Correlation Between Austevoll Seafood and CITIC Securities
Can any of the company-specific risk be diversified away by investing in both Austevoll Seafood and CITIC Securities at the same time? Although using a correlation coefficient on its own may not help to predict future stock returns, this module helps to understand the diversifiable risk of combining Austevoll Seafood and CITIC Securities into the same portfolio, which is an essential part of the fundamental portfolio management process.

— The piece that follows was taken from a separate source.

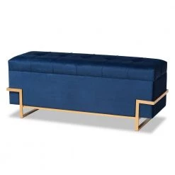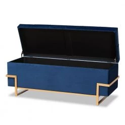 Upgrade your space with the glamorous seating and practical storage offered by the Parker storage ottoman. Made in China, the Parker is comprised of a sturdy wood frame padded with foam and upholstered in smooth navy blue velvet fabric. The cushioned lift-top seat opens to reveal ample storage space, perfect for the living room or as a bed end accent. Fully assembled, the Parker rests on a chic gold finished metal base that lends the piece an eye-catching aesthetic. Extensive storage space, along with comfortable seating, distinguishes the Parker storage ottoman as a fantastic upgrade to the modern home.

By analyzing existing cross correlation between Austevoll Seafood ASA and CITIC Securities, you can compare the effects of market volatilities on Austevoll Seafood and CITIC Securities and check how they will diversify away market risk if combined in the same portfolio for a given time horizon. You can also utilize pair trading strategies of matching a long position in Austevoll Seafood with a short position of CITIC Securities. Check out your portfolio center. Please also check ongoing floating volatility patterns of Austevoll Seafood and CITIC Securities.
Diversification Opportunities for Austevoll Seafood and CITIC Securities
-0.13 | Correlation Coefficient |
Good diversification
The 3 months correlation between Austevoll and CITIC is -0.13. Overlapping area represents the amount of risk that can be diversified away by holding Austevoll Seafood ASA and CITIC Securities in the same portfolio, assuming nothing else is changed. The correlation between historical prices or returns on CITIC Securities and Austevoll Seafood is a relative statistical measure of the degree to which these equity instruments tend to move together. The correlation coefficient measures the extent to which returns on Austevoll Seafood ASA are associated (or correlated) with CITIC Securities. Values of the correlation coefficient range from -1 to +1, where. The correlation of zero (0) is possible when the price movement of CITIC Securities has no effect on the direction of Austevoll Seafood i.e., Austevoll Seafood and CITIC Securities go up and down completely randomly.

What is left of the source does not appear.